Architecture Overview

The system is composed of four primary microservices that interact to provide a robust inference endpoint for agents and rollouts.

Core Components

Gateway: The entry point for all external traffic. It provides an OpenAI-compatible API, handles authentication, and forwards requests to the Router. areal/experimental/inference_service/gateway/app.py3-7
Router: Manages a pool of Data Proxy workers. It performs health checks, handles session pinning, and implements routing strategies to distribute load across available inference backends. areal/experimental/inference_service/router/app.py3-12
Data Proxy: A stateful proxy that sits in front of a raw inference backend. It manages RL-specific state, including conversation sessions via SessionStore, reward tracking, and weight versioning. areal/experimental/inference_service/data_proxy/app.py21-30
Inference Backend: The underlying high-performance engine (e.g., SGLang or vLLM) that performs the actual token generation. areal/experimental/inference_service/inf_bridge.py3-8
RTensor Storage: A specialized storage layer within the Data Proxy (via data_bp) for handling large tensor shards (e.g., logprobs or hidden states) over HTTP. areal/infra/rpc/guard/data_blueprint.py1-15

System Topology Diagram

The following diagram illustrates the flow from a client request through the microservice stack to the GPU-accelerated backend.
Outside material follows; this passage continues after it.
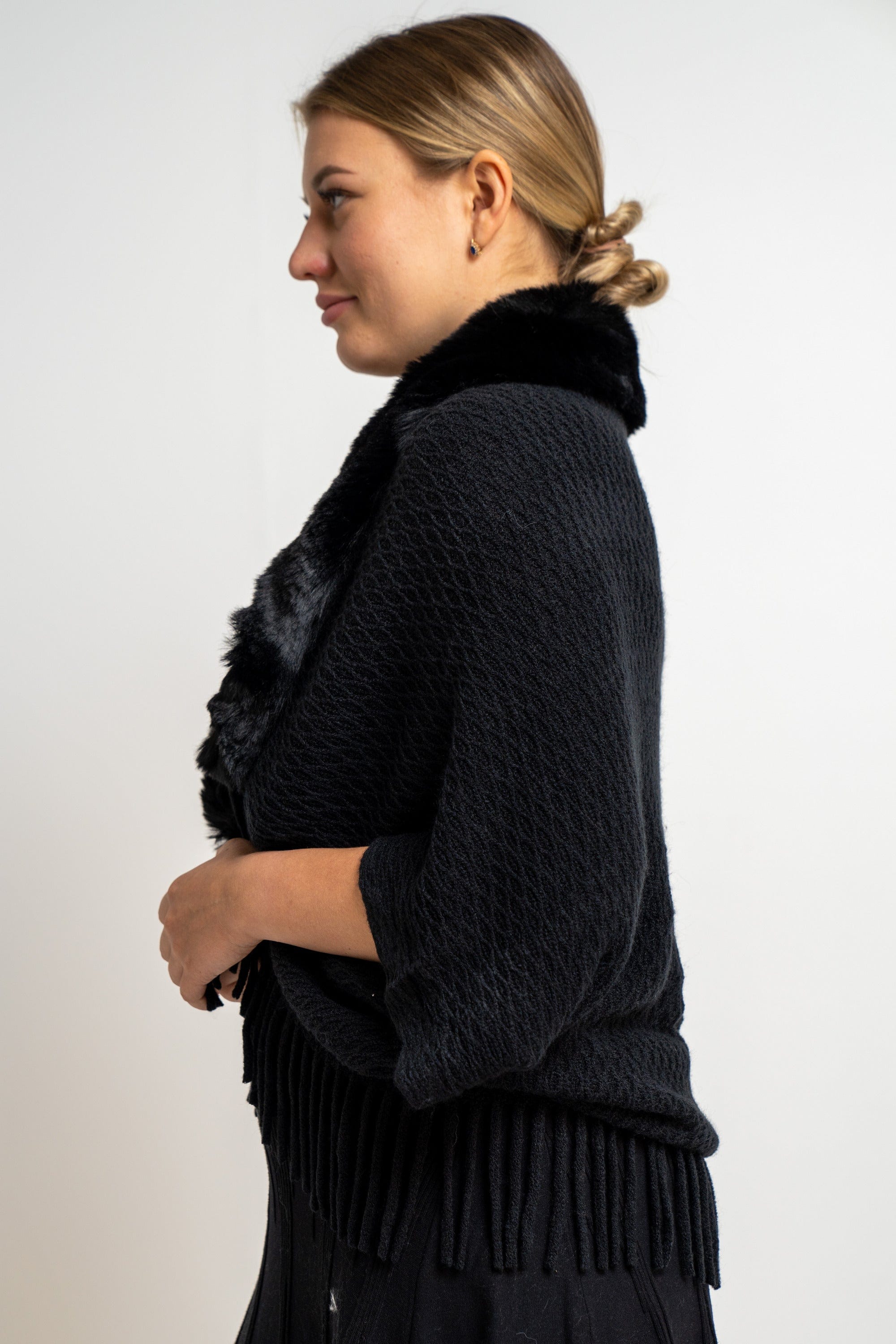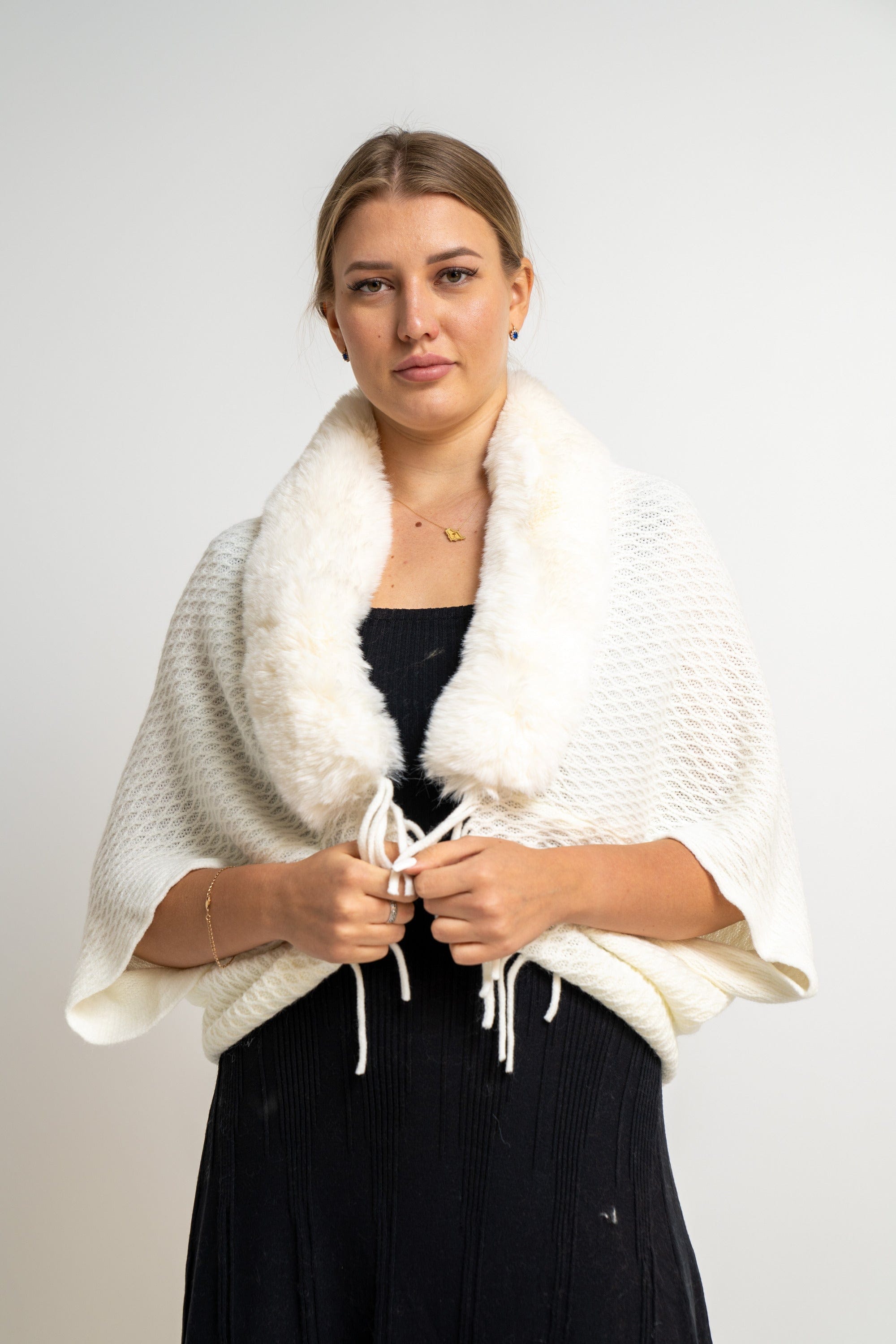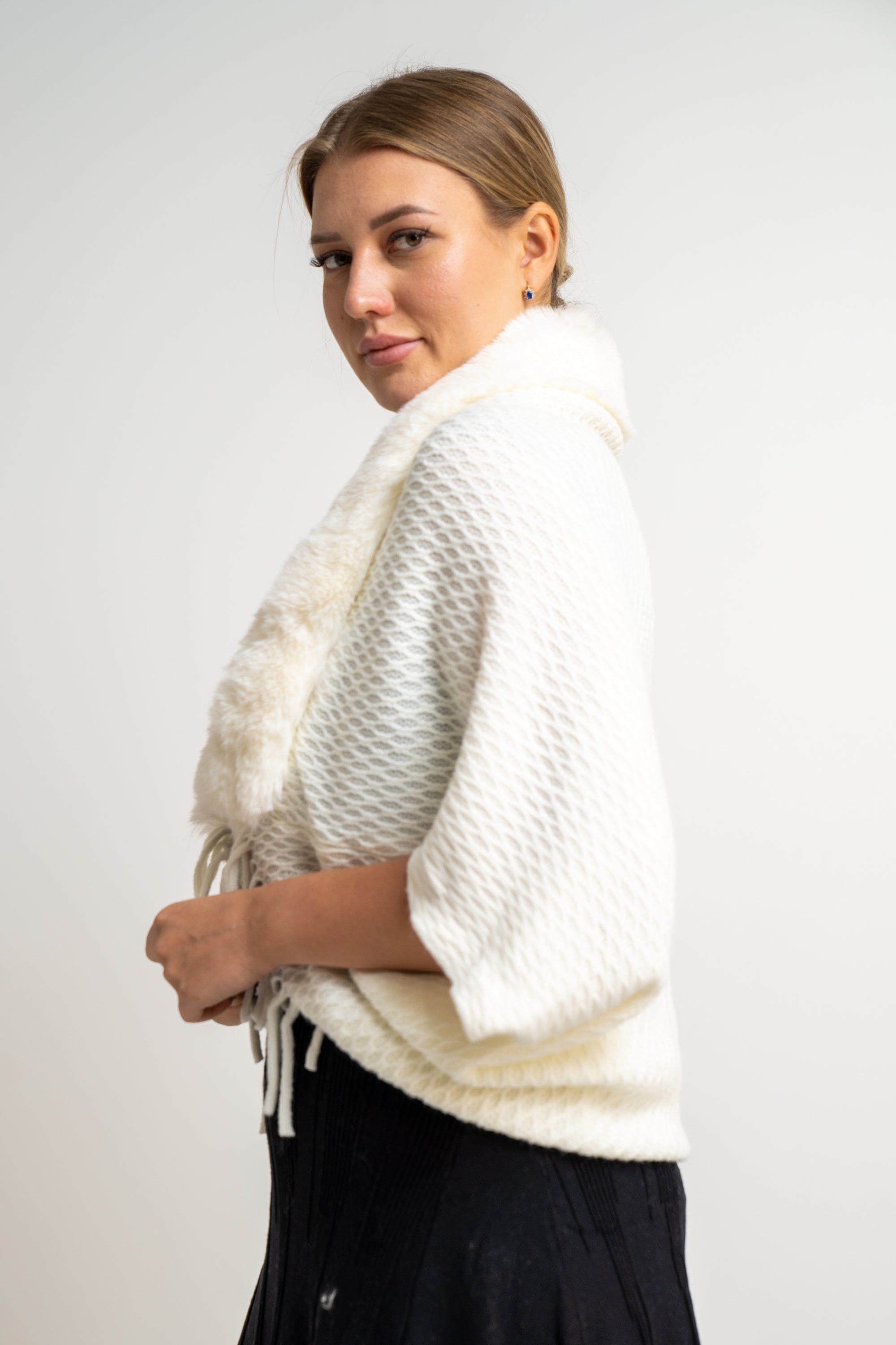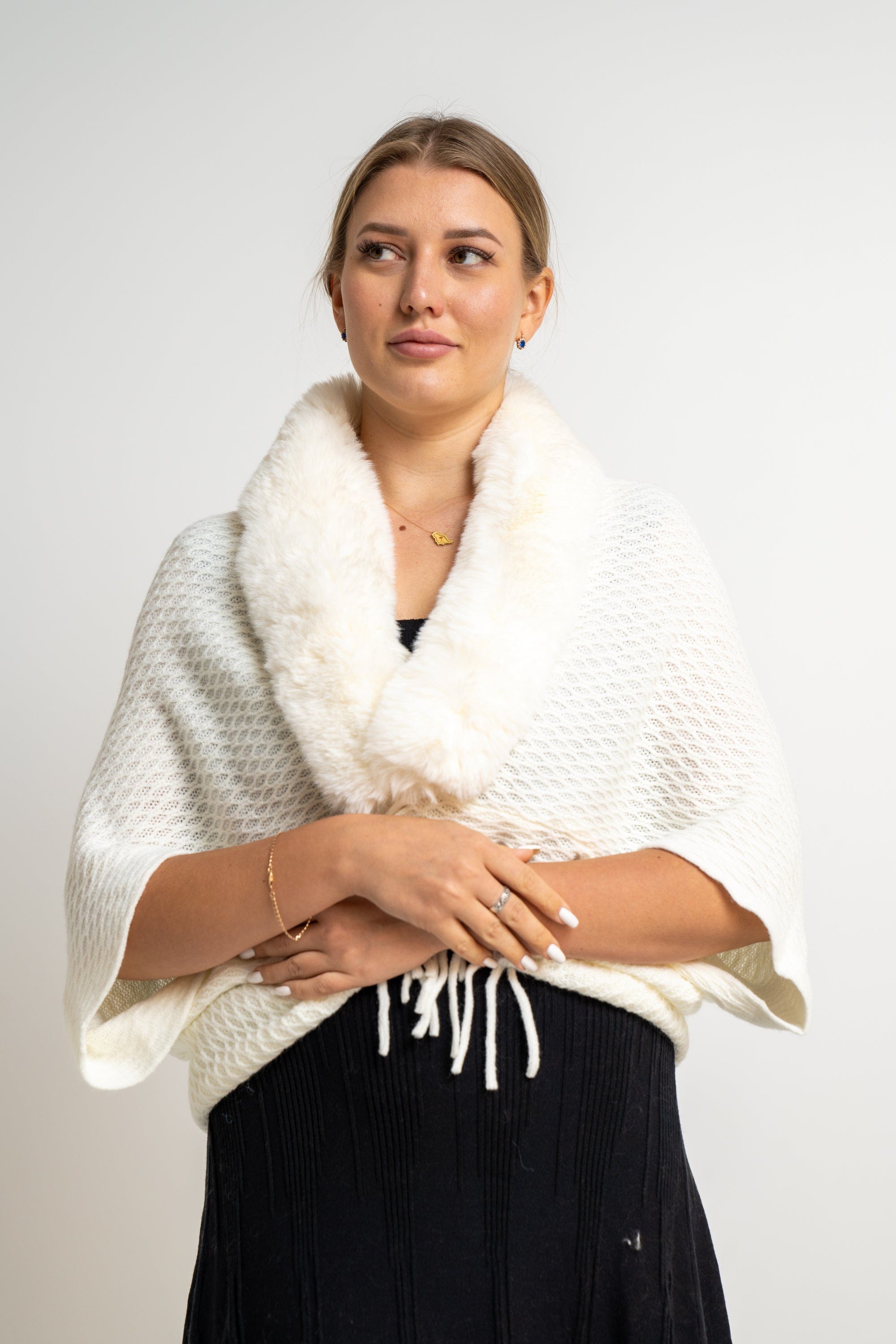 سكارف نسائي مطرز بالخيوط بفرو على الرقبة

Figure 1: Inference Service Microservice Stack

Sources: areal/experimental/inference_service/gateway/app.py124-175 areal/experimental/inference_service/inf_bridge.py32-59 areal/experimental/inference_service/controller/controller.py64-77 areal/experimental/inference_service/gateway/streaming.py46-56

RolloutControllerV2

The RolloutControllerV2 is the orchestrator responsible for the lifecycle of the entire stack. It is designed to be duck-type compatible with the standard RolloutController, allowing it to be swapped into existing training workflows without changing the trainer logic. areal/experimental/inference_service/controller/controller.py64-77

Lifecycle Management

Initialization: When initialize() is called, the controller starts an online callback server and performs an asynchronous initialization to launch service workers via the Scheduler. areal/experimental/inference_service/controller/controller.py189-201
Service Forking: Services are forked using a "raw_cmd" mode through the RPCGuard (a lightweight process manager) to ensure they run as independent OS processes. areal/experimental/inference_service/controller/controller.py167-169
Registration: The controller registers the inference model and data proxies in the router to enable traffic flow. areal/experimental/inference_service/controller/controller.py137-138

Code Entity Mapping

The following diagram maps the logical controller operations to the specific code entities and process management mechanisms.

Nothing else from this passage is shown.